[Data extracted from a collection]
########

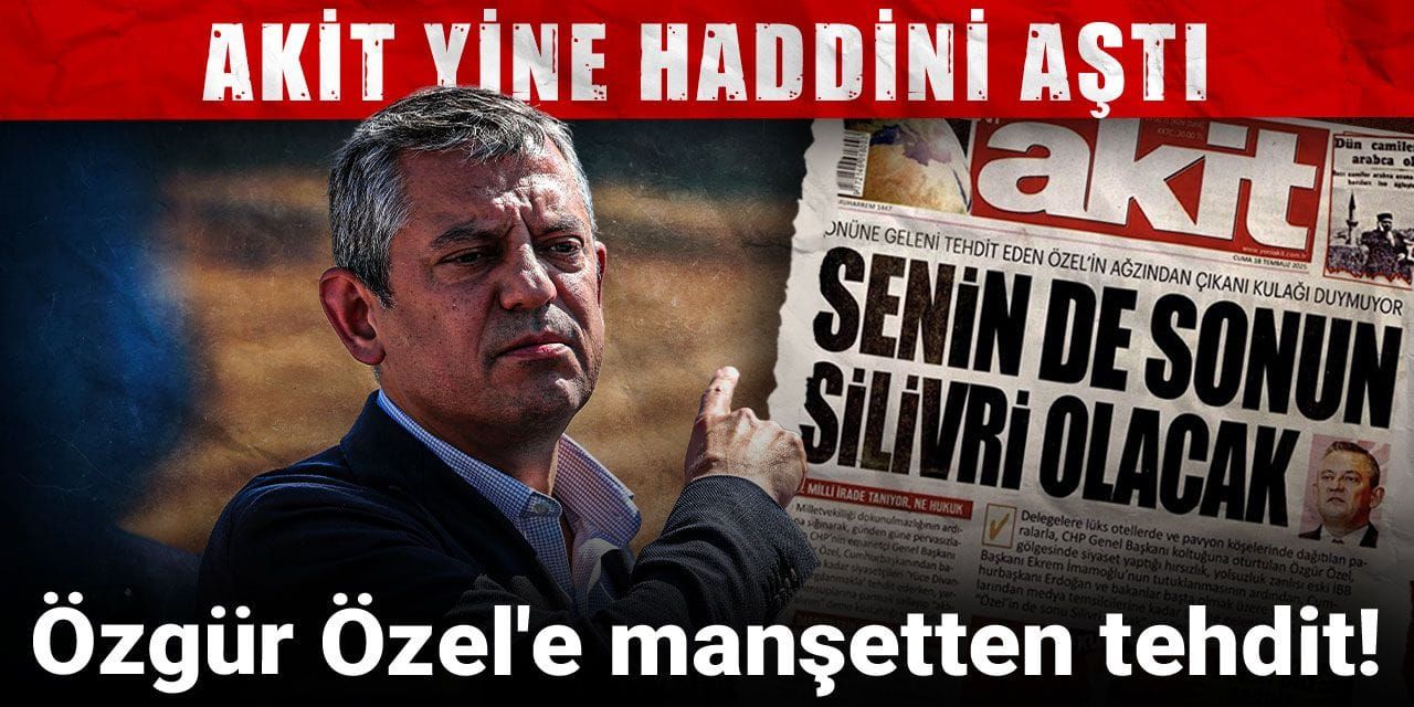 Yandaş çizgisiyle bilinen Yeni Akit gazetesi, bugünkü manşetinde Cumhuriyet Halk Partisi (CHP) Genel Başkanı Özgür Özel’i açıkça hedef aldı. Manşette “Senin de sonun Silivri olacak!” ifadesi yer alırken, üst başlıkta ise “Önüne geleni tehdit eden Özel’in ağzından çıkanı kulağı duymuyor” sözleri kullanıldı.
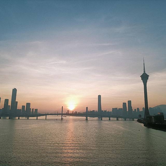 乘坐公交车离开氹仔岛回到澳门半岛,一路上又望见了美丽的夕阳,它像火一样照射着海平面,多想一切时间都静止,也多舍不得澳门这座城。
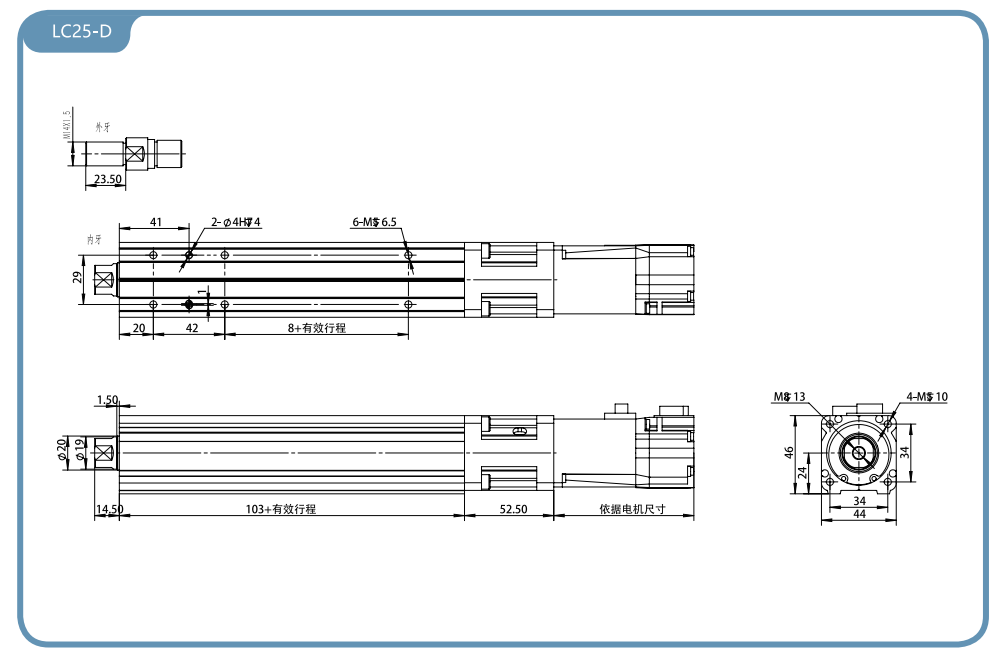 전기 실린더는 서보 모터와 스크류 로드를 통합하고 서보 모터의 회전 운동을 선형 운동으로 변환하고 서보 모터의 가장 큰 장점인 정밀한 속도 제어, 정확한 회전 수 제어 및 정밀한 토크 제어를 정밀한 속도 제어, 정밀한 위치 제어 및 정밀한 추력 제어로 변환합니다. 일련의 고정밀 직선 운동을 실현하는 새로운 혁신적인 제품입니다.
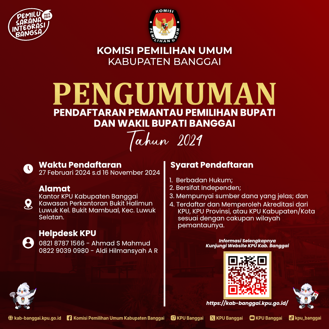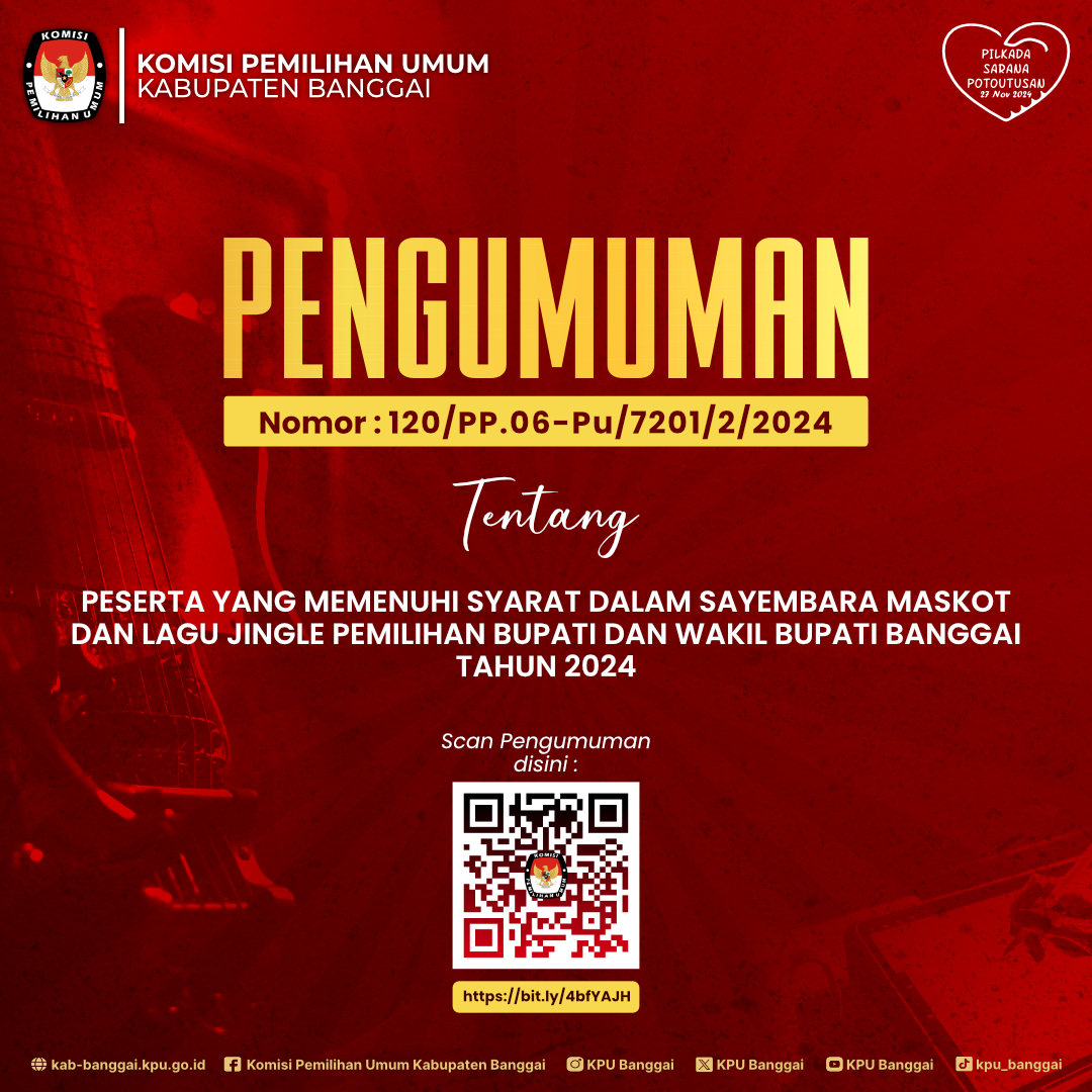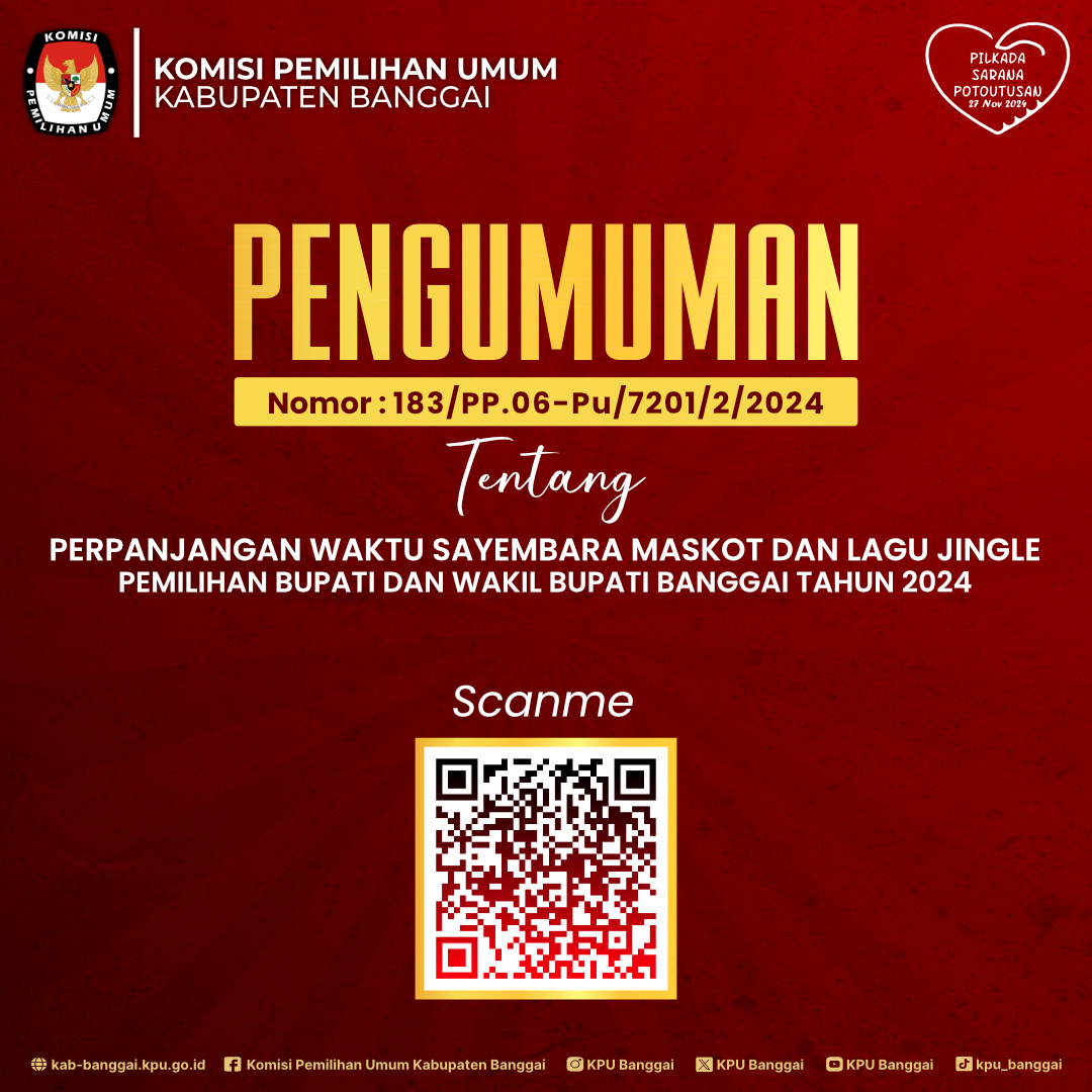 Ikuti Lomba Maskot dan Jingle Pemilihan Bupati dan Wakil Bupati Banggai Tahun 2024, syarat dan ketentuaan dapat discan barcode pada gambar dibawah ini, dan untuk informasi lebih lengkapnya bisa hubungi Contact Person :
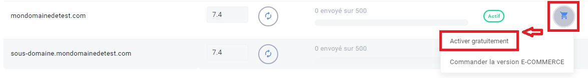 Au niveau de la liste des domaines vous verrez une icône en forme de caddie et vous pourrez choisir l'option gratuite ou bien la version payante pour les sites E-commerce :
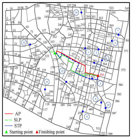 | Time Period | Path Method | Average Mileage/km | Average Time Consumption/min | Proportions of the First, Second and Third Road Grade/% | Running Time/s |
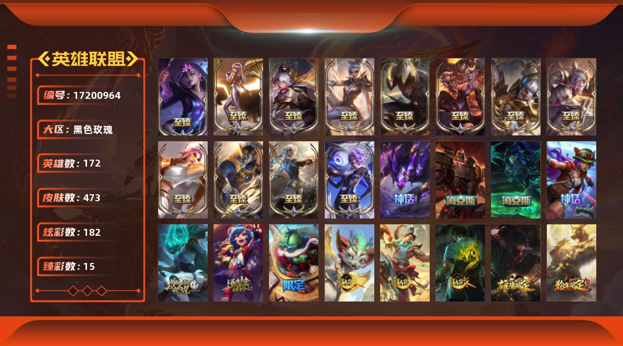 [17200964]【店主推荐捡漏号】未定级段位-172英雄-473皮肤-182炫彩-0终极-19神话-76限定-59传说-99史诗

########

_Prompt_
Starting with the line that contains "전기 실린더는 서보 모터와", print every line through the end of the data exactly as written; omit all pictures and add nothing else.

_Task answer_
 전기 실린더는 서보 모터와 스크류 로드를 통합하고 서보 모터의 회전 운동을 선형 운동으로 변환하고 서보 모터의 가장 큰 장점인 정밀한 속도 제어, 정확한 회전 수 제어 및 정밀한 토크 제어를 정밀한 속도 제어, 정밀한 위치 제어 및 정밀한 추력 제어로 변환합니다. 일련의 고정밀 직선 운동을 실현하는 새로운 혁신적인 제품입니다.
 Ikuti Lomba Maskot dan Jingle Pemilihan Bupati dan Wakil Bupati Banggai Tahun 2024, syarat dan ketentuaan dapat discan barcode pada gambar dibawah ini, dan untuk informasi lebih lengkapnya bisa hubungi Contact Person :
 Au niveau de la liste des domaines vous verrez une icône en forme de caddie et vous pourrez choisir l'option gratuite ou bien la version payante pour les sites E-commerce :
 | Time Period | Path Method | Average Mileage/km | Average Time Consumption/min | Proportions of the First, Second and Third Road Grade/% | Running Time/s |
 [17200964]【店主推荐捡漏号】未定级段位-172英雄-473皮肤-182炫彩-0终极-19神话-76限定-59传说-99史诗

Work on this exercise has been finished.